Embeddings is the knowledge that exists in the “brain” of an LLM system. What an embedding does is simple: It gets as input a text, and it creates a vector for this text.
E.g, it gets the text “Hi, my name is Fotis” and it creates a vector [0.2, 0.1, ….-0.3].
Then, it stores all these vectors in a multidimensional space.
In the below example from OpenAI, all the green dots are vectors (embeddings) for “athlete”. It uses 3 dimensions, to help us with the visualization in space.
Each vector contains a text. E.g:
Embeddings help an application to understand how different information is grouped together. And how similar two pieces of information are.
Ofcourse, we are not limited to text. We can do the same trick for Videos, Images, Speech and other objects. This is how a search engine finds similar images or how Shazam is finding the song from an audio.
How to Create Embeddings
OpenAI provides a few models that help you turn text into embeddings. Eg the ADA model. You create an API call, where you send the text and the model replies with the “vector” or the embedding for it.
Where do We Store Embeddings?
Since the embeddings are vectors, we need to store them in a Vector Database. A vector database stores similar information close to each other. E.g, the vectors “Fotis is a Human”, “Fotis is Greek”, “Fotis is an engineer”, will be stored close to each other in the database.
The OpenAI doesn’t provide unfortunately a way to store the embeddings in a vector database. You can store the embeddings in Cosmos DB on Azure. Or another database is the Singlestore Vector DB, which also runs on Azure (https://www.singlestore.com/built-in-vector-database/).
Embeddings Use Cases
Text Search
This is similar to what a search engine does. You enter a query. This query becomes an embedding (vector). And then this vector compares to all the other vectors stored in the database. The text search functionality tries to find the (stored) vectors which are closer to your query vector.
Code Search
It’s like text search but for code. If a developer asks “where is the code that adds up two numbers?”, this will become an embedding (vector), and it will try to find the closest/most similar vectors (embeddings), which in this case are code snippets.
Text Similarity
In this use case we try to find how similar two different pieces of text are. Similar pieces of text are stored close to each other. Here is an example (source: )

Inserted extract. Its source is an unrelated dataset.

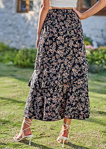BTFBM Women 2025 Summer Spring Boho Long Skirts Dress Floral Print Elastic Waist Split Ruffle High Low Beach Maxi Skirt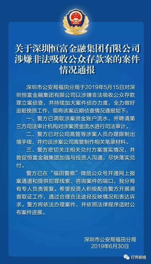 2019年6月30日,福田警方发布《关于深圳恒富金融集团有限公司涉嫌非法吸收公众存款案的案件情况通报》。

What is the Max Size of text for which I can create an embedding?
The Ada model in OpenAI, supports up to 8191 max input tokens. In the Greek language, one token is one character, so you can create an embedding text of up to 8k characters. If an average of a word is 4 characters, this is 2000 words, or around 8 word doc pages of text.
How to Create your First Embedding
Let’s Create our First Embedding.
Step 1: Go to Postman, create an account
Step 2: Create a new Workspace, go to “Authorization” and place your OpenAI API key. Then select “Post”
Step 3: The Post request, from the OpenAI site information, is: https://api.openai.com/v1/embeddings .
Paste it at the related text and select “Body” –> “Raw” and “Jason”
There are only two parameters you need to use:
- Input (here you put your text, eg “Hi, I am Fotis”
- Model: Here you specify which embedding model you will use, eg the embedding-3-small.
Here is the code:
{
“input”: “Hi, I am Fotis”,
“model”: “text-embedding-3-small”
}
And as you can see above, we just created our first embedding, for this text.
How Much Do Embeddings Cost?
The OpenAI embedding pricing for Ada v2 is
$0.00010 / 1K tokens. Let’s see an example:
- Let’s suppose you have 100 docs of 50 pages each in Greek.
- Each page is 350 words, with an average of 4 letters per word.
- In Greek, each letter (character) is one token. Capital letters are 2 tokens, but let’s not take this under consideration.
- This means that you will have a total of 100*50*350*4= 7M tokens.
- Your cost to create embeddings for all the text will be: (0.0001/1000)*7M=0.7USD
Azure OpenAI on Your Data
There is a new service from Microsoft, called “Azure OpenAI on your Data”. You can learn more about it here.
What it does in simple terms, is that you can give it your files (words/pdfs/text etc), it automatically breaks the text into chunks, creates the embeddings and stores it in a vector database. It integrates the search functionality and it can also launch a web application e.g if you want to have a chatbot to provide answers to your data.
So, it hides a lot of the complexity of using embeddings, using out-of-the-box functionality.
This allows you to easily create an application based on your own data, and fine tune it using the options provided. You will have to experiment with the different types of search that it provides (semantic/vector/hybrid) to find out which one works better for you.
Obviously, you don’t have control on how the embeddings are made. E.g, you may want to create one embedding per 1000 words, or break your text in embeddings based on chapters. In this case you will have to create the embeddings based on your own rational.